On Thu, Mar 11, 2010 at 3:01 PM, Rene Veerman <rene7...@gmail.com> wrote:
> So in other words; it's the library that you fix with wrapper
> functions, not the reports (outside the scope of using the library).
>
> On Thu, Mar 11, 2010 at 9:59 PM, Rene Veerman <rene7...@gmail.com> wrote:
>> function readyForDOM_report($originalReportAsText) {
>>  return str_replace ('<th', '<th class="transportTH"', 
>> $originalReportAsText);
>> }
>>
>> $dom = new DOMDocument();
>> $dom->loadHTML(readyForDOM_report($str));
>> $tables = $dom->getElementsByTagName("table");
>> $rows = $tables->item(0)->getElementsByTagName('tr');
>> foreach($rows as $row){
>>   foreach($row->childNodes as $node)
>>        // check $node for having a classname 'transportTH'.
>> }
>>
>> the only problem i foresee is <th>s in your reports already having a
>> class="something" set, which could mess it up. you'd need to check
>> that. but in that case you can always pump the original $str to the
>> DOM, and use multiple $k's from foreach ($arr as $k=>$v) to get to the
>> corresponding node, and have the original class name.
>>
>>
>>
>>
>>
>> On Thu, Mar 11, 2010 at 9:52 PM, Andy Theuninck <gohan...@gmail.com> wrote:
>>> I could could, but that would kind of defeat the point of the project
>>> (I'm trying to capture a bunch of existing HTML reports via output
>>> buffering and transform the tables into proper XLS. Tweaking every
>>> single report is exactly what I'm trying to avoid).
>>>
>>> On Thu, Mar 11, 2010 at 2:45 PM, Rene Veerman <rene7...@gmail.com> wrote:
>>>> hmm lame bug... but you can add a classname to the <th>s and check for 
>>>> that?..
>>>>
>>>> On Thu, Mar 11, 2010 at 9:34 PM, Andy Theuninck <gohan...@gmail.com> wrote:
>>>>> I'm trying to parse a string containing an HTML table using the
>>>>> builtin DOM classes and running into an odd problem.
>>>>>
>>>>> Here's what I'm doing:
>>>>> $dom = new DOMDocument();
>>>>> $dom->loadHTML($str);
>>>>> $tables = $dom->getElementsByTagName("table");
>>>>> $rows = $tables->item(0)->getElementsByTagName('tr');
>>>>> foreach($rows as $row){
>>>>>    foreach($row->childNodes as $node)
>>>>>         // stuff
>>>>> }
>>>>>
>>>>> This gives me the row elements in order and access to their contents.
>>>>> The weird part is $node always appears to be a td tag - even when it's
>>>>> a th tag in the original string (DOMElement::tagName is always "td"
>>>>> (as well as DOMNode::nodeName and DOMNode::localName)).
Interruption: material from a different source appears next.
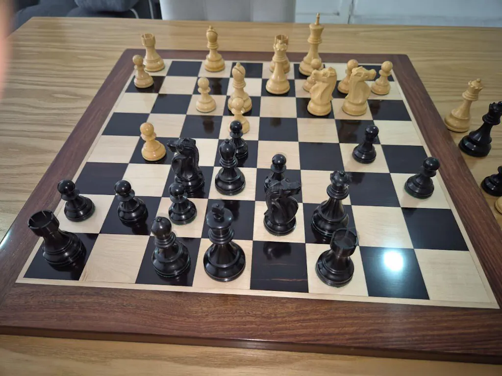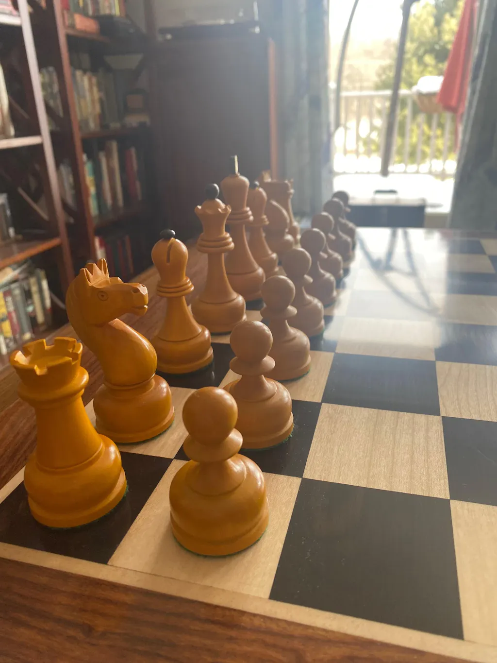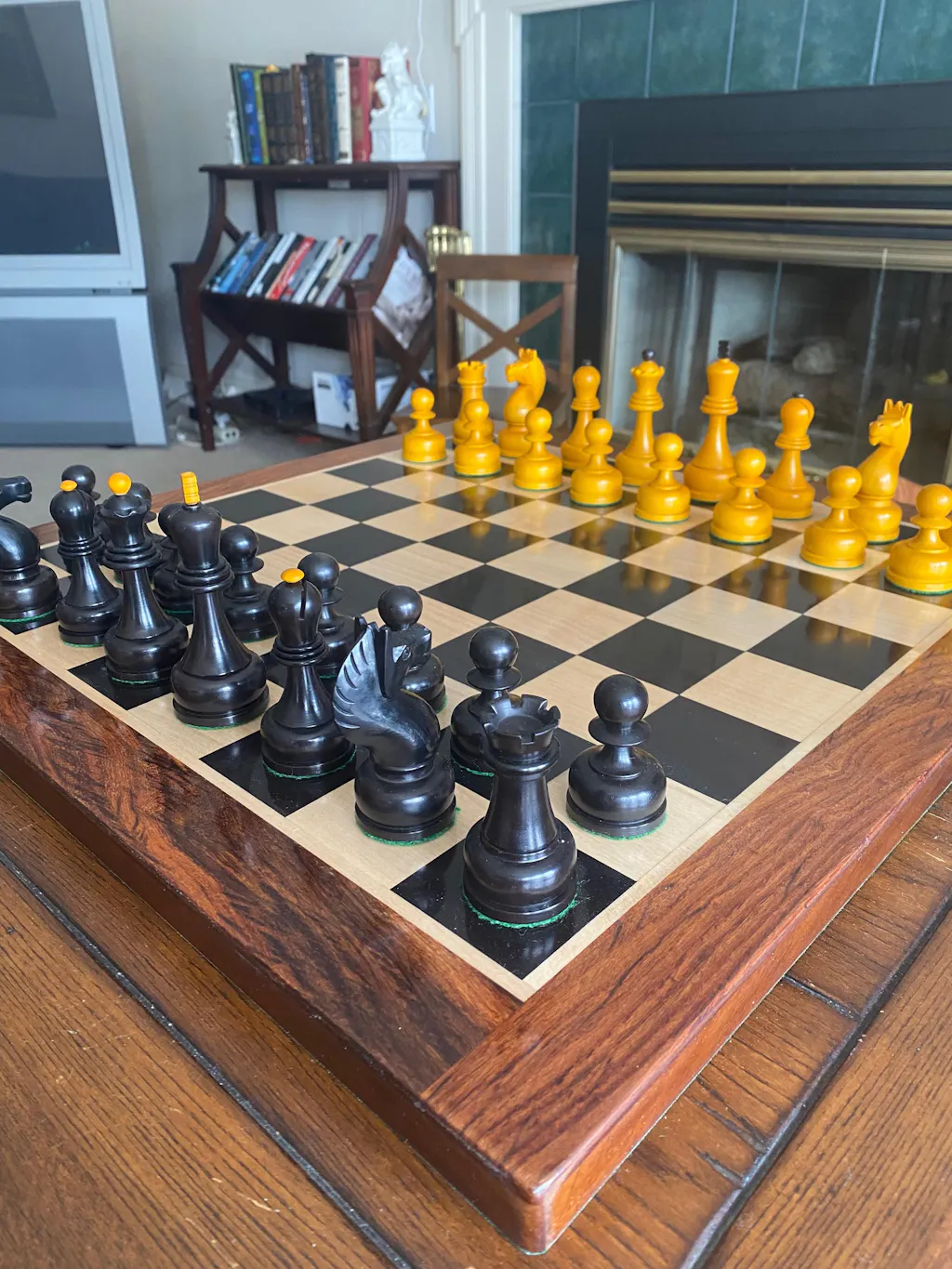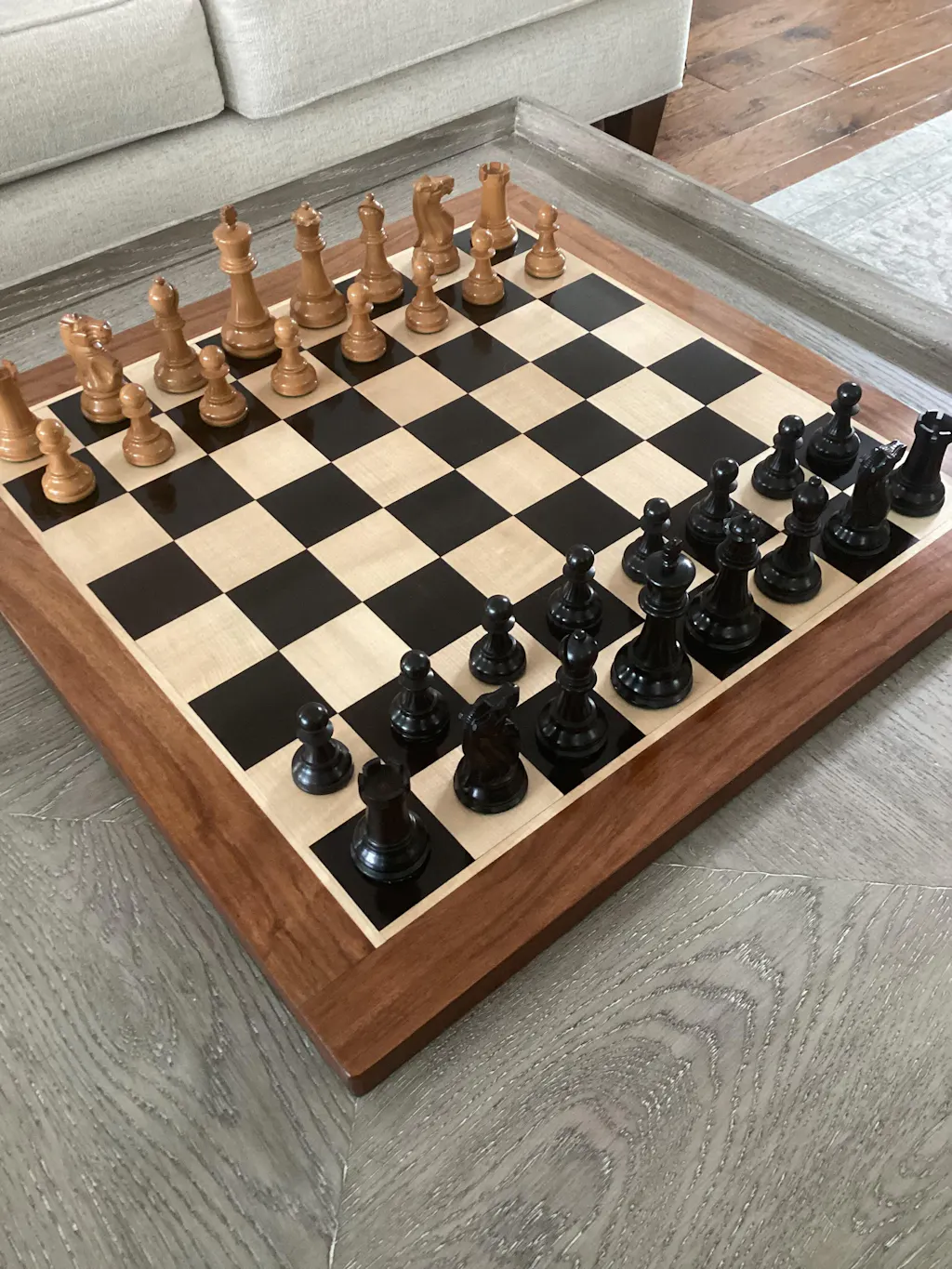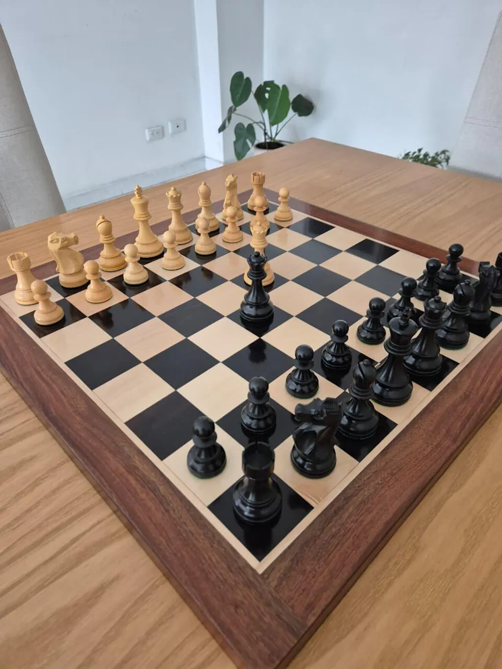Yes, perhaps the most handsome chess board that I have ever owned. This large 21” x 21” board with its 55mm squares of ebony and maple wood in perfect union, marking out the battlefield, is a beautiful sight to behold. The rich colors of black and cream framed in dark brown is, in a word, majestic.

The th tags
>>>>> definitely aren't being omitted; I still get nodes with their
>>>>> contents, just with the wrong tag name.
>>>>>
>>>>> Is there any way to override this behavior so that I can distinguish
>>>>> between td tags and th tags?
>>>>>
>>>>> --
>>>>> PHP General Mailing List (http://www.php.net/)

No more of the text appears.